Rebecca Mead has a New Yorker piece, The Common Tongue of Twenty-First-Century London (archived), about Multicultural London English; we’ve talked about it before (2015, 2019), but it’s constantly developing, and I continue to be interested in it:

Not long after my family settled into a new home, near Hampstead Heath, I went south to the Tate Britain museum, on the bank of the Thames, to see an ambitious project undertaken by the British artist and filmmaker Steve McQueen. He had made a collective portrait of London by photographing its Year Three students—second grade, in the British system. […] London itself belongs to these students, whose parents and grandparents have come from all over. More than three hundred different languages are spoken by the children who attend London’s schools, but, as I listened to their voices at the Tate, I was struck by how similar to one another they sound. Sociolinguists who study the way that Londoners speak have identified the emergence, since the late nineteen-nineties, of a new variant of English among the younger generations: M.L.E., or Multicultural London English.
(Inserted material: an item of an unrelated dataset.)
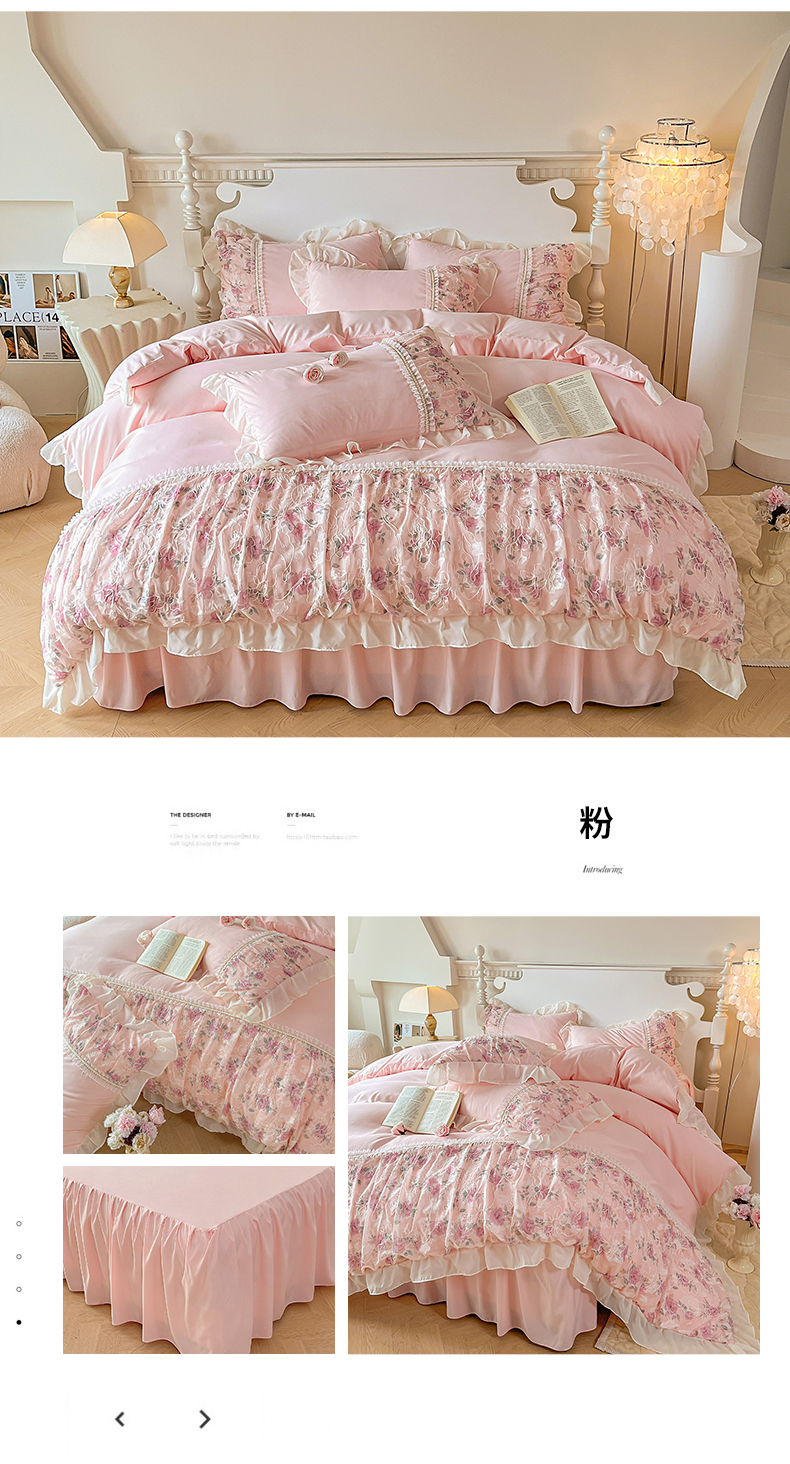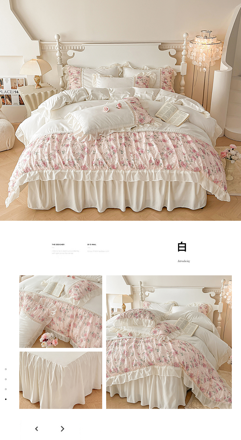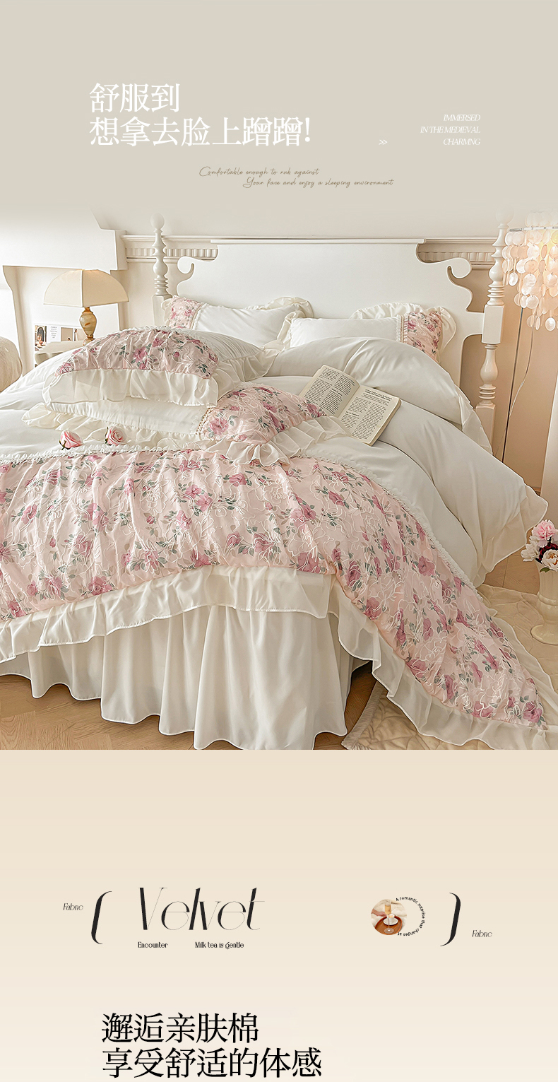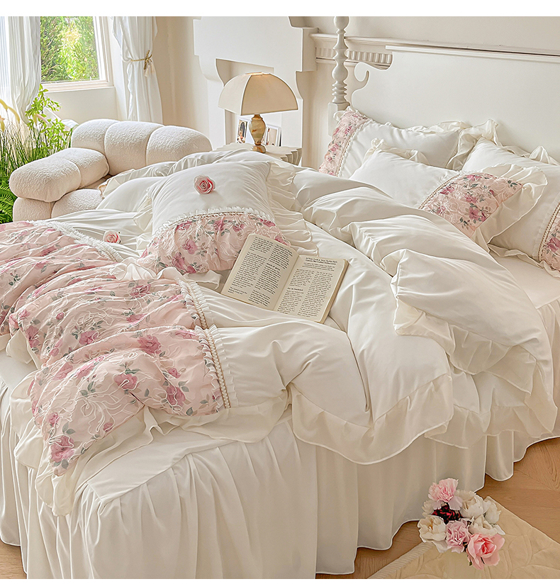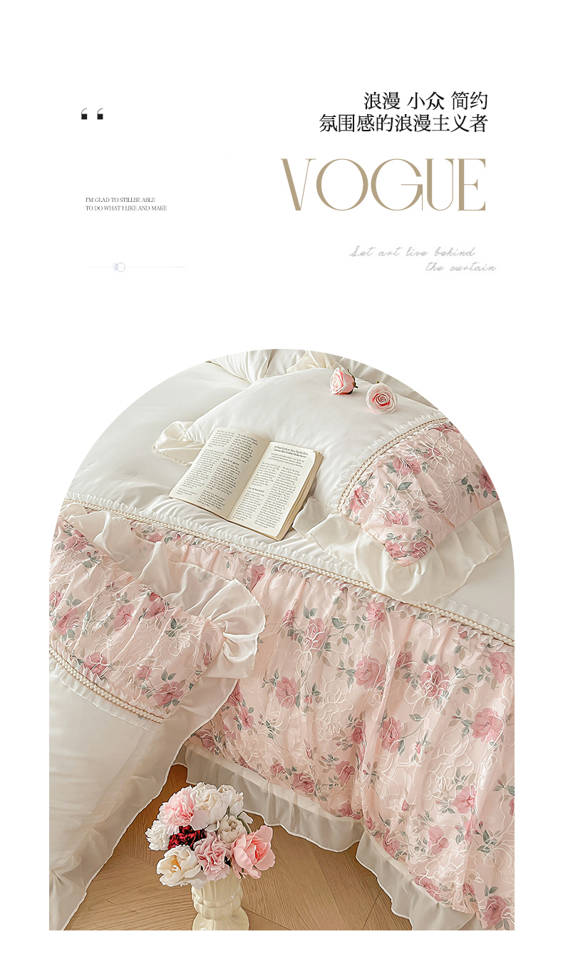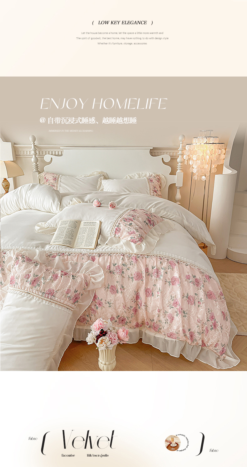 (总)富宁家纺 2025新款蕾丝刺绣数码印花款四件套-浅影玫瑰

In recent decades, large-scale studies have been undertaken of language use in Hackney, in East London. Historically, Hackney was occupied by white working-class residents, or Cockneys, whose basic elements of speech are familiar not just to Londoners who grew up with them but to anyone who has watched Dick Van Dyke effortfully twist his tongue in “Mary Poppins”—saying wiv for “with” and ’ouse for “house.” The years after the Second World War brought an influx of immigration that resulted in Hackney becoming one of London’s most decisively multiethnic neighborhoods. In one cohort of Hackney five-year-olds, who were studied between 2004 and 2010, there were Cockneys, but there were many more children with parents from Bangladesh, China, Colombia, Albania, Turkey, the Middle East, the Caribbean, and various African countries. Friendship groups were multiethnic, the researchers noted, and often included children who spoke a language other than English at home, or children whose first language was English of a postcolonial variety, such as Ghanaian or Indian English. In this diverse milieu, the children found their way to a new common language.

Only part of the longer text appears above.